Jock Johnstone

Personal information
- Full name: John Chalmers Johnstone
- Date of birth: 23 June 1898
- Place of birth: Dundee, Scotland
- Date of death: 3 November 1936 (aged 38)
- Place of death: Birmingham, England
- Height: 5 ft 10+1⁄2 in (1.79 m)
- Position: Right half

Senior career*
- Years: Team / Apps / (Gls)
- Dundee Hibernian
- 1919–1920: Montrose
- 1920–1922: Dundee / 13 / (1)
- 1922–1928: Aston Villa / 106 / (1)
- 1928–1929: Reading / 6 / (0)

= Jock Johnstone =

Scottish footballer

John Chalmers Johnstone (23 June 1898 – 3 November 1936) was a Scottish footballer who played for Dundee, Aston Villa and Reading, mainly as a right half.

He played twice in Aston Villa's run to the 1924 FA Cup Final, but did not take part in the match itself; this was indicative of his struggles over several seasons to be selected ahead of Frank Moss and George Blackburn, both of whom were England internationals.
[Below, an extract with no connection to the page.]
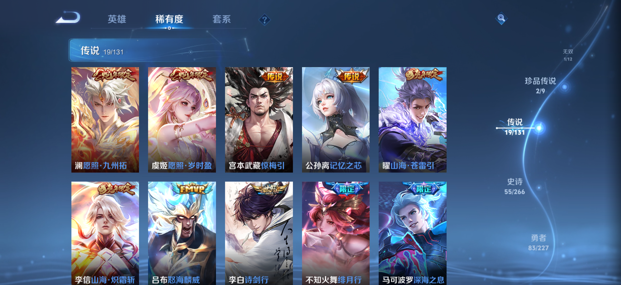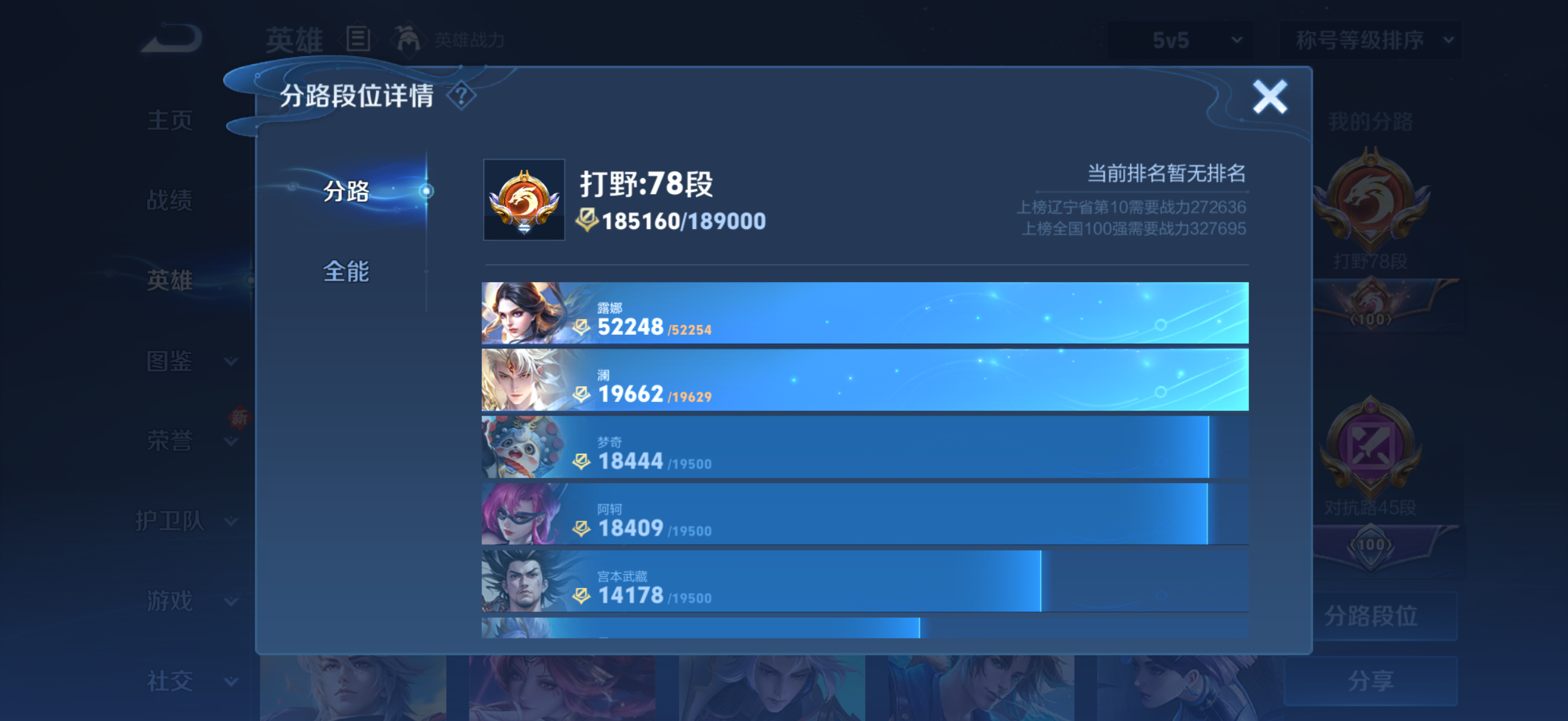 打野78段 小魔方 小国标梦奇1.2w战力 小国标露娜1.7w战力 小国标老夫子1.6w战力 金标阿轲1.1w战力 金标马超1.4w战力 金标澜1.5w战力 金标宫本武藏1.3w战力 197皮1无双(离恨烟)2珍品传说(器灵·落星盏,怪盗基德)19传说启明星使,愿照·九州拓,愿照·岁时盈,祈雪灵祝,云霓雀翎,记忆之芯,惊梅引,山海·苍雷引,末日机甲,山海·炽霜斩,胖达荣荣,怒海麟威,诗剑行,炽阳神光,绯月行,地狱之眼,深海之息,李 ,无双飞将

He sailed North to Sweden with the team on Aston Villa's first foreign tour in May 1926. Örgryte celebrated a major success when beating Aston Villa 5–2. Villa were defeated by Gothenburg-combined (Kombinerol Gotesburgslag). There followed a golf & fishing break where Johnstone took advantage of the opportunity to join the fishing party. Villa won 11 - 2 over the select Oslo-combined Lyn og Frig including FK Lyn players.